Besides working with policy makers, team members also traveled to project sites where we visited children in the project and their family members. Social and self-discrimination towards individuals with HIV/AIDS is a serious problem in conservative eastern societies like Vietnam. It prohibits them from attending school, establishing friendships with neighbors and extended family members, taking care of themselves in the home and developing self-esteem. Therefore meeting with the children and their parents is one way to help create trust, make individuals feel welcome, and guide them to overcome personal turmoil and social stigma. We invited HIV and AIDS infected and affected children and their care-takers to a monthly playgroup, where the children could play together, and the adults had the opportunity to share their thoughts and feelings and receive support from others in the same situation.

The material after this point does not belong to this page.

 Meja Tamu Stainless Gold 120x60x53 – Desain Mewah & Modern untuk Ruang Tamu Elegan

These playgroups provided much needed social and emotional support.
The most common mode of HIV transmission in Vietnam is intravenous drug use. Nonetheless, in recent years, prevalence of HIV transmission through unprotected sex is on the rise. This prevalence is climbing rapidly in the big cities and southern provinces. Particularly, in the Mekong Delta Province of An Giang, unsafe sex made up 98% of the total HIV cases. SCUK conducted research to identify the risk of HIV and AIDS in children in this region. I attended the in-depth interviews with the director of the province, local leaders, and children to assess their needs and garnered some very valuable statistics.
In addition to traveling, planning, and attending meetings, I conducted interviews and wrote case studies. Most of the children I interviewed had lost one or both parents due to AIDS. Their personal stories almost always had the same pattern—one parent contracted HIV from drug injection or unsafe sex, and transmitted it to his or her spouse. Infected children were the victims of the mother-to-child transmission. HIV eventually progressed to AIDS. The parents died of opportunistic diseases, leaving their children behind as orphans. Grandparents or close relatives became the care-takers of the kids after the loss of both father and mother. Often neighbors also helped if no grandparent or relative was alive. These tragic stories, no longer rare in Vietnam, are the consequence of little education and no prevention.

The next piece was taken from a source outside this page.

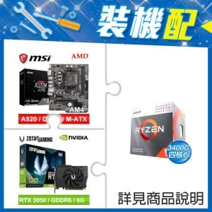 ☆裝機配★ AMD R5 3400G+微星 A520M-A PRO M-ATX主機板+ZOTAC RTX3050 6G GDDR6 Solo 顯示卡

Overall, the project was successful. The collected result was significant, and has marked a great impact on my personal experience. The only problem arose was I did not have enough time to write five case studies as planned. Instead, I was only able to finished three case studies. Further, this project with SCUK focused on children’s current situations. A longitudinal study following these children would complement this study and greatly improve our understanding of how HIV/AIDS truly affects those children whose families are so afflicted by it.

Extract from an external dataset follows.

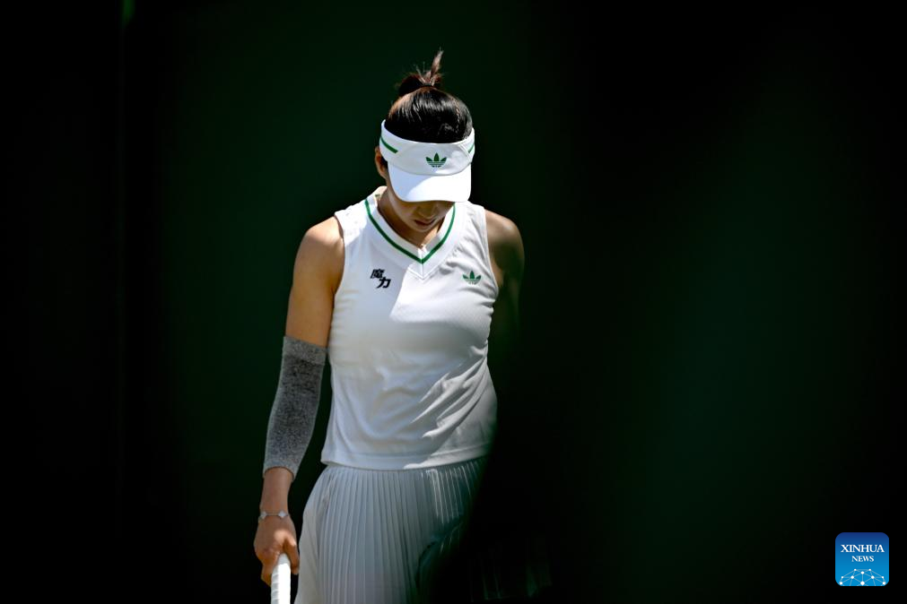 Wang Xinyu reacts during the women's singles first round match between Wang Xinyu of China and Karolina Muchova of the Czech Republic at the Wimbledon Tennis Championships in London, Britain, July 1, 2025. (Xinhua/Li Ying)

East Asia is currently experiencing a boom in HIV/AIDS cases as it grapples a boom economically and children bear the brunt of this epidemic’s long term effects. My work with SCUK in Vietnam was an invaluable eye-opening experience. I saw a side of public health unable to be taught in classrooms or garnered from internships in the United States. I grew to love those I served and understand clearly how one person’s choice can affect his or her family and love ones. Most of all, I saw that children are thrust into the downward spiral that leads to HIV/AIDS infection through social stigma, lack of education and health care, and poor parental choices. I was a part of much to help elucidate and alleviate this depressing situation, but there is so much more to be done.